I like this quote because it brings to the fore that not only does everyone have a right to their own opinion; everyone having diverse opinions may very well make for a healthier system. By drawing the parallel to ecological systems, it makes one think about how uniform belief systems are more susceptible to sudden massive failures.

Page 21-22:
he was one of the first to recognize the dispersed nature of knowledge and the effectiveness of localization and of combining individual understanding. Since one person's knowledge can only represent a fragment of the totality of what is known, wisdom can be achieved when people combine what they have learned. ... viable social institutions had to evolve ... to confront the problems at hand rather than reflect theories at mind. ... a remedy for the basic expression of the totalitarian impulse: ensuring that information and the right to make decisions are co-located. To achieve this, one can either move the information to the decision makers, or move decision making rights to the information.
This quote emphasizes how top down decision making has a fatal flaw: there is no way that the centralized decision maker can have all of the relevant information. Furthermore, the centralized decision maker, because they are often far from the scene the decision applies to, may be applying rigid, incorrect theories in their decision making.
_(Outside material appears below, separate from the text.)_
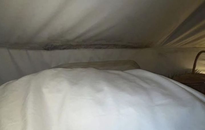 사진 속 침대 머리맡 벽면에는 곰팡이가 득실거렸다. A씨는 침대와 텐트 벽이 맞닿아 있어 호흡 과정에서 곰팡이를 흡입할 가능성이 있다고 설명했다.

Better decisions can be made if the power to make decisions is given to those who have the information to make decisions. Having many informed groups make smaller, more localized decisions is likely to produce more relevant results.

Page 131:
You can try to determine the future, or you can try to create conditions for a healthy future. To do the former, you must presume to know what the future should be. To do the latter, you learn to have faith in social outcomes in which citizens feel secure, valued, and honored.
Openness, freedom, and democracy require great trust and great humility. They require the ability the admit that a dispersed and uncontrolled set of people may be right and the decision you would make may be wrong. You also have to learn to trust that this decentralized process will come to decisions that are appropriate.

Page 132:
Just as democracies require an informed and active citizenry to prevent abuse, markets require constant tending to prevent them from being diverted or exploited. A free market, so lovely in theory, is no more feasible in practice than a society without laws. Democracies can sustain freedom because their citizens and representatives continually adjust, maintain, and as necessary enforce standards, rules, and laws. Markets are unequaled in providing feedback, fostering innovation, and allocating resources. Market competition is ultimately a matter of financial capital: those activities that most efficiently accrete and concentrate money gain market advantage; those that don't are marginalized. But there is no comparable competition to improve social or natural capital, because markets for such commodities simply don't exist. The only way those issues are dealt with is through legislation, regulation, citizen activity, and consumer pressure. Removing the laws and regulations that create market constraints leaves the body politic with very few means to promote economic democracy.
This quote is a good summary of why I do not believe the market alone is enough to make a good world. The market is good at what it does. It efficiently moves around money. Certainly, it might be even more efficient at doing so if it were unregulated. However, the market does not efficiently deal with everything. In particular, what Hawkens calls social and natural capital. This is not to say the market ignores such things, but sometimes it needs a push to be reminded that money is not the most important thing there is. What I like about this quote is that Hawkens acknowledges that the checks on the market can and should come from a variety of forces.

Page 154-155:
"If you have children, I don't see how you can fail to do everything in your power to ensure that you win your bet, and that they, and their grandchildren, and their grandchildren's grandchildren, will inherit a world whose perfection can never be accomplished by creatures whose imagination for perfecting it is limitless and free"
Hawkens quotes this from an article by Michael Chabon called "The Omega Glory". I like this quote because the attitude is not that we ought to save the planet for future generations, but that our connection to future generations makes leaving a livable planet for them a desirable end.

Page 162 near the top:
Ideologies exclude openness, diversity, resiliency, and multiplicity, the very qualities that nourish life in any system, be it ecosystem, immune system, or social system. ... Ideas are living things; they can be changed and adapted, and can grow. Ideas do not belong to anyone, and require no approval.
More about the importance of letting ideas reflect reality rather than only accepting reality in so far as it conforms to your ideas.

Page 171-172:
By definition, evolution produces creatures and systems that have the greatest ability to persist over time, and resilience allows an organism to withstand the greatest range of disturbances. This is as true for social systems as it is for environmental ones, for governments and corporations as it is for fisheries and reefs. The more resilient a system, the more shocks and impacts it can withstand and still recover. Conversely, as systems lose diversity and thus functional redundancy, they become vulnerable to disruption or collapse.
This quote promotes diversity in organizations as well as in ideas. Having a variety of organizations makes the overall system stronger in the face of crises (the recycling business is great when the environment gets weak). Hawken sees diversity as one of the strengths of "the movement". People in the various organizations that make up this movement disagree on means so they are always trying different things, making someone more likely to find something that works.

Page 179:
The opposite of learning is a runaway system where mistakes are relegated to file cabinets and ignored. When a government, corporation, financial institution, or religious organization insulates itself, its initiatives, however well intended, create uncontrolled outcomes and second-order effects that generate newer problems.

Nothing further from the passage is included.